Err, well then. That title’s too long and just…
I’m not sure how this post is going to turn out. Whether it’s going to be a manic freakout or thoughtful or whatever – so just warning you in advance, but I’m going to write it and see where it takes me.
I am extremely harsh on myself.
I’ll give a little example. In an argument, the last person I blame is the person who hurt me. In a test, when I have to mark it myself, I will literally never give myself full marks – not even ONE off full marks – even when I KNOW I deserve it. I think I’m being arrogant. I think I’m being selfish. It’s just something that is, but I’m TRYING to work on it.
I’m not sure why I’m writing this now. Things only got terrible inside my head in maths, when I didn’t understand something and everything built up. I know miss was going to ask me if I was okay, and I would have said no, because it’s true. I’m not. I WASN’T then – I’m a little better now, but to be honest, I think I’ve just been pretending to be alright recently. Again, it’s something I need to work on.
I’m really tired, and the thing is, I’m sleeping reasonably well. That’s not the issue. The work, my laziness, my inability to do it – that’s what makes me tired. Everybody else is doing loads of work, and I’m sat here doing NOTHING. It makes me angry to the point of self-loathing.
But back to my original point. I’m so harsh on myself that I don’t even see the good qualities I KNOW I have, that I’ve been told countless times I’ve got. People say I’m loyal, lovely, friendly, helpful, beautiful, amazing, but I just CAN’T believe them because if I do, I tell myself that’s too good – WAY too good – and I’m being too nice to myself. Which is SO FUCKING STUPID.

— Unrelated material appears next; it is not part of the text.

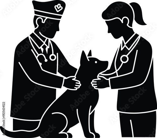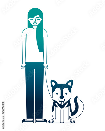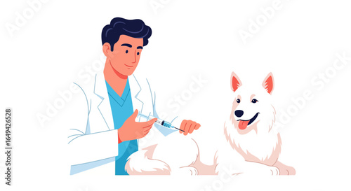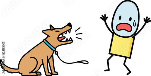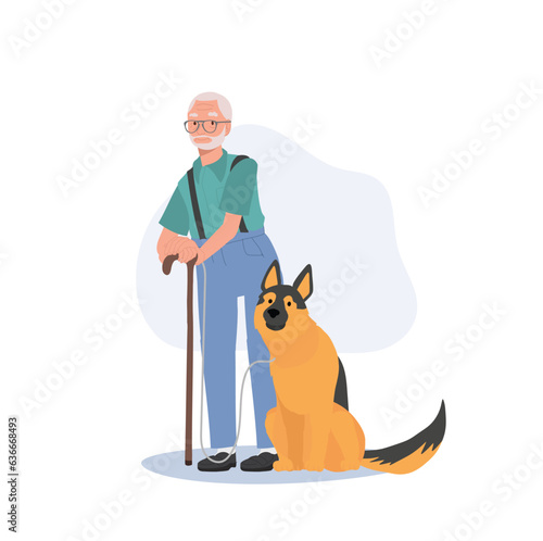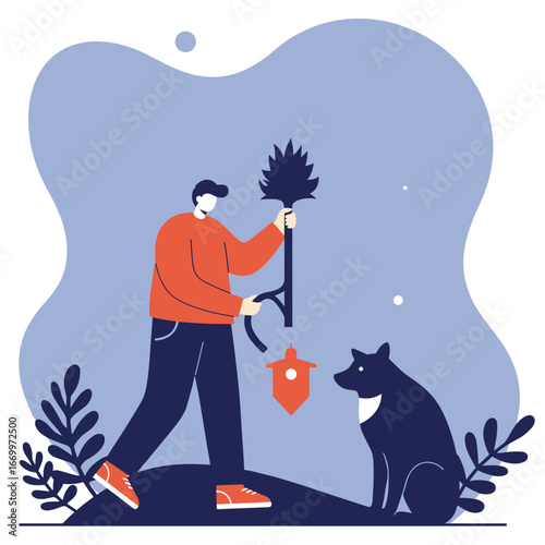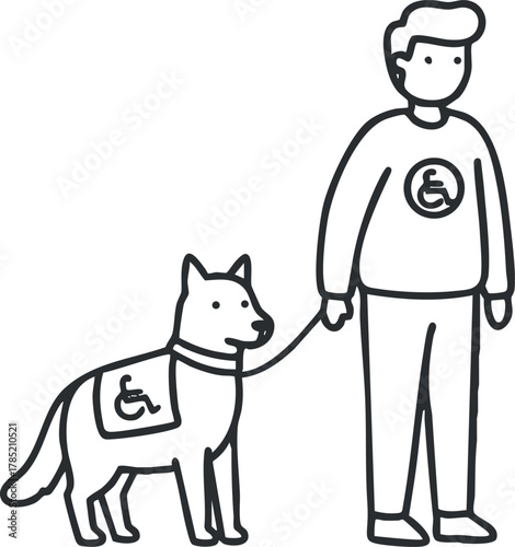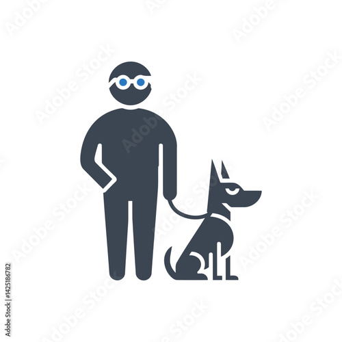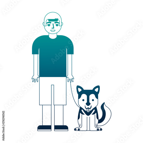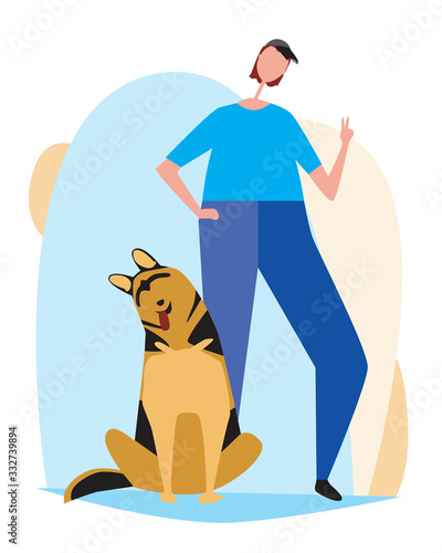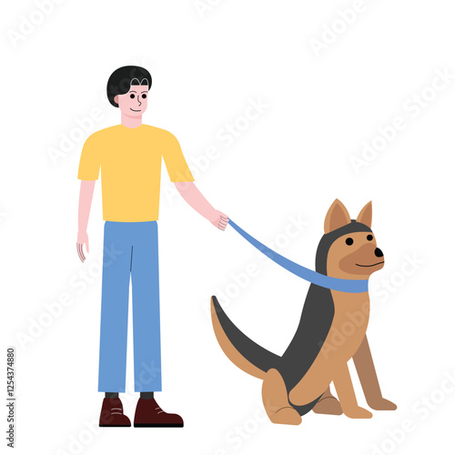 Pet owner with dog vector icon. Male puppy lover standing isolated on white background. Character and canine portrait

Whenever I get into an argument with my mum, I blame myself. I think I’m CONSTANTLY the one in the wrong – and when I don’t, I hate myself for thinking I’m right. When there are sides to an argument, I get it into my head that MY side is always the wrong one.

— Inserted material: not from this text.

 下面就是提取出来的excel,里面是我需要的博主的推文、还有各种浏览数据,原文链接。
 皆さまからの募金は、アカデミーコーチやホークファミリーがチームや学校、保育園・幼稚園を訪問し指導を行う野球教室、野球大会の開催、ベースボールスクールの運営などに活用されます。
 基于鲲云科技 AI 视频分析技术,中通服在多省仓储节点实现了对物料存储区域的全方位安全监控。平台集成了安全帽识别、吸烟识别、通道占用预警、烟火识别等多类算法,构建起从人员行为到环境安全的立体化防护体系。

You know what? I don’t understand it. It irritates me, because I’m never giving myself credit. Even when I’m writing this post, I’m thinking it’s pointless and that I’m just an attention-seeker with no purpose, and that I SHOULD be doing work otherwise I’m going to fail everything.
I think my message to myself is just to calm the fuck down. I have a concentrated hatred for myself that won’t bugger off, but if I write down one positive thing about me every day, then maybe I’ll start to believe that I’m not a terrible person. Maybe I ALREADY believe it, but I’m just pretending I don’t. ARGH, see what I mean?!

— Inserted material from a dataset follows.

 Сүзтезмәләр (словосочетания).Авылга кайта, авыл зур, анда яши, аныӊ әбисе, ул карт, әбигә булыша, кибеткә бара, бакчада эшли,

I hope you don’t mind reading that. It’s just a thought process and didn’t turn as self destructive as I thought it would. Thank god.
Oh, fuck. Fucking shit oh my god.
No, no, no!
Okay NO. NO. CALM DOWN.
My dad just called me and said a present had arrived, presumably for my birthday, and that it was from S. If you don’t know who that is… Hmm… Look at have a look at this. There’s not much there, and we NEVER talk any more, but I feel so guilty and I actually can’t do this. Oh god. I’m SUCH A MANIPULATIVE BITCH! I have zero feelings for him – that’s NOT THE POINT – the point is that I screwed with his feelings jesus christ…
Alright. I’m going to post more about the S thing tomorrow to explain why I’m feeling so horrendously guilty. I feel ill and oh my god. For now, I’m just going to… Sleep. No, do homework. I have history coursework tomorrow and I feel vaguely ill and I’ve overworked myself.
I think I need to be so much nicer to myself. It’s getting… Tiresome.